- Born: April 1, 1964 (age 62) Cortland, New York, USA
- Occupation: Visual effects artist
- Years active: 1989-present

= Scott E. Anderson =

American special effects artist (born 1964)

Scott E. Anderson (born April 1, 1964), is an Academy Award winning visual effects supervisor and filmmaker. He has been nominated for the Academy Award three times (Babe, Starship Troopers, Hollow Man), and received the Oscar for Babe. A longstanding member of the visual effects community, he was an early leader and key contributor to the Oscar winning films The Abyss, Terminator 2: Judgment Day, and King Kong.
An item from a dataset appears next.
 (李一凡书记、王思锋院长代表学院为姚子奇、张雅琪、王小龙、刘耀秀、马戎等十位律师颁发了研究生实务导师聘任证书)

He studied film, semiotics and computer science and graduated with an Sc.B. from Brown University. While at Brown he was a member of the Brown Computer Graphics Group studying under Andries van Dam and was a varsity wrestler and four-time captain of the Brown Wrestling Team.

Anderson is a member of the Directors Guild of America (DGA) and the Visual Effects Society (VES).

==Oscar history==
All of these are in the category of Best Visual Effects.
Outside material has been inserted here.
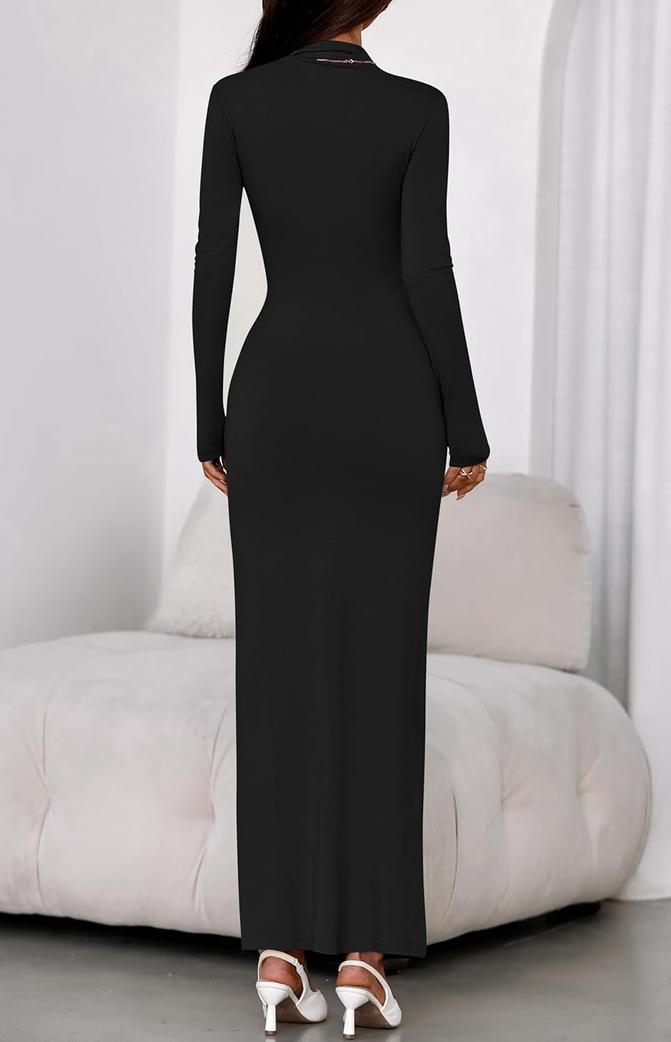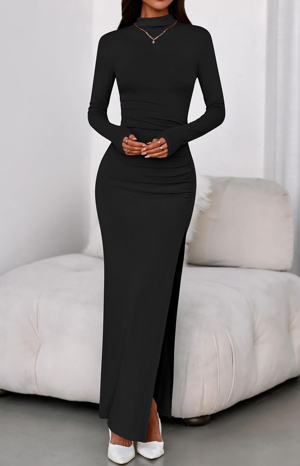 - FEATURES: Long Sleeve Dress For Women / High Neck Bodycon Dress / Ruched Dresses For Women / Tight Fitted Dresses / Side Slit Maxi Dress / Solid Color / Fits For Spring, Summer, Fall, Winter

- 68th Academy Awards-Babe. Award shared with John Cox, Charles Gibson, and Neal Scanlan. Won.
- 70th Academy Awards-Nominated for Starship Troopers. Nomination shared with Alec Gillis, John Richardson and Phil Tippett. Lost to Titanic.
- 73rd Academy Awards-Nominated for Hollow Man. Nomination shared with Craig Hayes, Stan Parks and Scott Stokdyk, lost to Gladiator.